Petitioners argue that PDB’s filing of its Omnibus Motion for Reconsideration and for New Trial on July 31, 2006 by courier service through LBC was improper, since there was no LBC courier service in Tupi, South Cotabato at the time; naturally, they did not receive a copy of the omnibus motion. This is precisely the reason why PDB re-filed its omnibus motion on August 2, 2006 through registered mail, that is, to cure the defective service by courier; but by then, the 15-day period within which to move for reconsideration or new trial, or to file a notice of appeal, had already expired, as the last day thereof fell on August 1, 2006 – counting from PDB’s receipt of the trial court’s Decision on July 17, 2006.
Petitioners add that PDB’s notice of appeal – which was filed only on September 7, 2006 – was tardy as well; that PDB’s resort to an original Petition for Certiorari
to assail the trial court’s August 30, 2006 Order denying the Omnibus Motion for Reconsideration and for New Trial was improper, for as provided under Section 9, Rule 37 of the Rules of Court,30
an order denying a motion for new trial or reconsideration is not appealable, the remedy being an appeal from the judgment or final order; that certiorari
was resorted to only to revive PDB’s appeal, which was already lost; and that it was merely a face-saving measure resorted to by PDB to recover from its glaring blunders, as well as to delay the execution of the RTC Decision. They also assert that certiorari
is not an available remedy, since PDB did not file a motion for reconsideration with respect to the other assailed orders of the trial court.
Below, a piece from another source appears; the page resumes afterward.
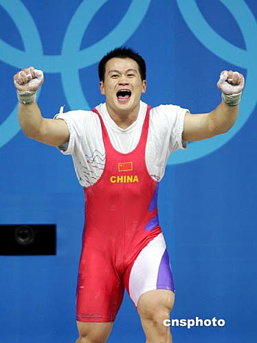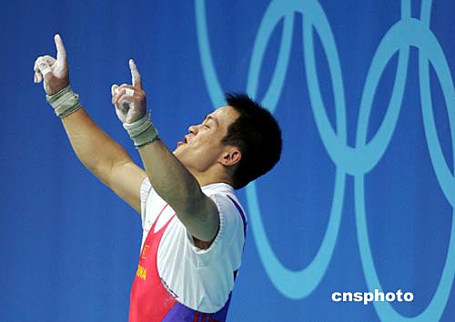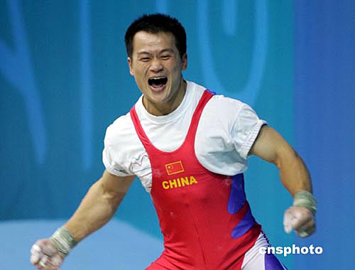 希臘當(dāng)?shù)貢r(shí)間八月十八日晚,中國(guó)舉重選手張國(guó)政在雅典奧運(yùn)男子六十九公斤級(jí)舉重比賽中,以三百四十七點(diǎn)五公斤的總成績(jī)獲得冠軍,為中國(guó)代表團(tuán)“舉起”第十一枚金牌。作者:毛建軍
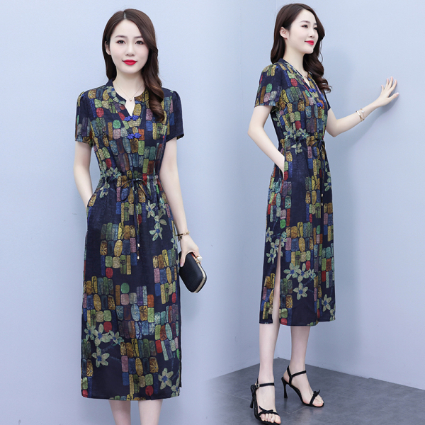 RM5284#醋酸连衣裙女夏2023年新款真丝桑蚕丝大牌高端洋气质名媛妈妈裙子

Petitioners maintain as well that the CA erred in relaxing the application of the Rules of Court as to PDB, a banking institution with adequate resources to engage counsel within General Santos City and not relegate Civil Case No. 6474 to its Manila lawyers who are thus constrained by the distance involved.Respondent’s Arguments
Seeking the denial of the Petition, PDB in its Comment31
maintains that the CA did not err in declaring that its Omnibus Motion for Reconsideration and for New Trial was not pro forma
; that there are justifiable grounds to move for reconsideration and/or new trial; that it had no intention to delay the proceedings; that it was correct for the appellate court to relax the application of Section 5, Rule 15; and that the CA is correct in finding that the trial court committed grave abuse of discretion in misapplying the Rules and in exhibiting partiality.Our Ruling
The Court grants the Petition.
The proceedings in the instant case would have been greatly abbreviated if the court a quo
and the CA did not overlook the fact that PDB’s Omnibus Motion for Reconsideration and for New Trial was filed one day too late. The bank received a copy of the trial court’s June 15, 2006 Decision on July 17, 2006; thus, it had 15 days – or up to August 1, 2006 – within which to file a notice of appeal, motion for reconsideration, or a motion for new trial, pursuant to the Rules of Court.32
Yet, it filed the omnibus motion for reconsideration and new trial only on August 2, 2006.
Indeed, its filing or service of a copy thereof to petitioners by courier service cannot be trivialized. Service and filing of pleadings by courier service is a mode not provided in the Rules.33
This is not to mention that PDB sent a copy of its omnibus motion to an address or area which was not covered by LBC courier service at the time. Realizing its mistake, PDB re-filed and re-sent the omnibus motion by registered mail, which is the proper mode of service under the circumstances. By then, however, the 15-day period had expired.
PDB’s Notice of Appeal, which was filed only on September 7, 2006, was tardy; it had only up to August 1, 2006 within which to file the same. The trial court therefore acted regularly in denying PDB’s notice of appeal.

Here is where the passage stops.